Among patients who die after undergoing allogeneic hematopoietic SCT, the cause is GVHD in approximately 7% (Figure 10). In an Education Program at the 60th American Society of Hematology annual meeting, Dr Robert Zeiser discussed novel approaches to the treatment of acute and chronic GVHD that develops after allogeneic hematopoietic SCT.^1-3 Early studies of ruxolitinib in the acute GVHD setting were predicated on the idea that inhibition of the JAK1/2 proteins could interfere with activation of effector T cells and reduce proinflammatory cytokines that are associated with manifestations of GVHD, such as inflammation, tissue damage, and fibrosis.⁴ In an allogeneic hematopoietic SCT mouse model with a major mismatch of the major histocompatibility complex, treatment with ruxolitinib was associated with superior weight maintenance and significantly improved survival compared with controls (P<.0001). At days 8, 14, and 29 after allogeneic hematopoietic SCT, GVHD histology scores were significantly better in the small intestine, large intestine, and liver with ruxolitinib vs the controls (P<.05).

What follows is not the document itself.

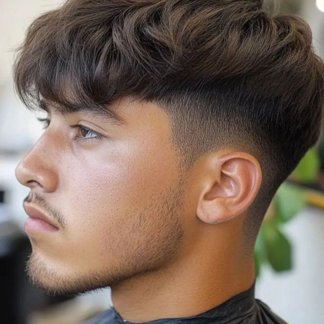 The disconnected fringe style puts a distinctive gap between the high-cut hair and the low taper fade hair. This is a bold cut of hair that emphasizes the longer hair on the front and the clean short sides. It is suitable for both straight and wavy hair, and it looks edgy and contemporary. Sustaining the disconnection requires specific trimming and medium-hold products to do the styling. The fringe may be run in its natural form or messed up. This haircut will fit fashionable people, as it focuses on personality but has clean, professional sides, thus fitting for casual and semi-formal events.

Ruxolitinib significantly decreased inflammatory cytokine production after allogeneic hematopoietic SCT while increasing the production of regulatory T cells. Other studies confirmed the concept that JAK1/2 blockade could reduce GVHD while preserving graft-vs-tumor effects, and retrospective studies showed responses in patients with corticosteroid-refractory GVHD.^5-8 The mechanism by which JAK inhibition reduces GVHD depends on inhibition of the C2TA/major histocompatibility complex class II axis in dendritic cells.⁹ JAK1/2 inhibition also affects neutrophil migration, an early event in the development of acute GVHD.¹⁰ Conditioning therapies administered prior to SCT can damage the intestinal tract, which in turn promotes inflammation and contributes to the onset of acute GVHD. During the onset of acute GVHD, neutrophils migrate to the ileum and then to mesenteric lymph nodes, where they affect T-cell expansion through antigen presentation by major histocompatibility complex class II molecules. Inhibition of JAK1/2 decreased the migration of neutrophils into the mesenteric lymph nodes and reduced major histocompatibility complex class II expression. JAK1/2 inhibition is being investigated in prospective, randomized phase 3 trials in patients with corticosteroid-refractory GVHD.^11-13

Inhibition of mitogen-activated protein kinase (MEK) and Bruton tyrosine kinase has shown promise in the management of GVHD. MEK acts downstream of RAS, and thus plays a role in mediating the survival, activation, and migration of lymphatic cells. The RAS/MEK/ERK pathway is preferentially activated in naive and central memory human T cells. In vitro inhibition of MEK preferentially reduced cytokine production and alloreactivity of naive and central memory human T cells without affecting virus-directed T cells.¹⁴ In a murine major histocompatibility complex mismatch model in which all mice develop GVHD after hematopoietic SCT, treatment with selumetinib significantly reduced GVHD-associated mortality and significantly increased median overall survival vs the control treatment (34 vs 10 days; P=.01). Ibrutinib inhibits the kinase activity of Bruton tyrosine kinase and is approved by the US Food and Drug Administration for the treatment of adults with chronic GVHD after 1 or more lines of systemic therapy.¹⁵ The approval was based on results of a multicenter, open-label study in patients with active, corticosteroid-refractory, chronic GVHD.¹⁶ Forty-two patients treated with as many as 3 prior therapies received daily ibrutinib monotherapy. After a median follow-up of 13.9 months, two-thirds of patients exhibited a response, and 71% of responding patients sustained a response for at least 20 weeks. Responses were observed across all affected organs. The median use of corticosteroids decreased in responders from 0.29 mg/kg daily at baseline to 0.12 mg/kg daily at week 49. Five patients completely discontinued corticosteroid therapy. Ibrutinib reduced fibrosis, symptoms of chronic GVHD, and markers of inflammation in the plasma. The most common AEs of any grade were fatigue, diarrhea, muscle spasms, nausea, and bruising.

References

1. Zeiser R. Innovative approaches to treat GVHD following allogeneic stem cell transplantation. Paper presented at: the 60th Annual Meeting of the American Society of Hematology; San Diego, California; December 1-4, 2018.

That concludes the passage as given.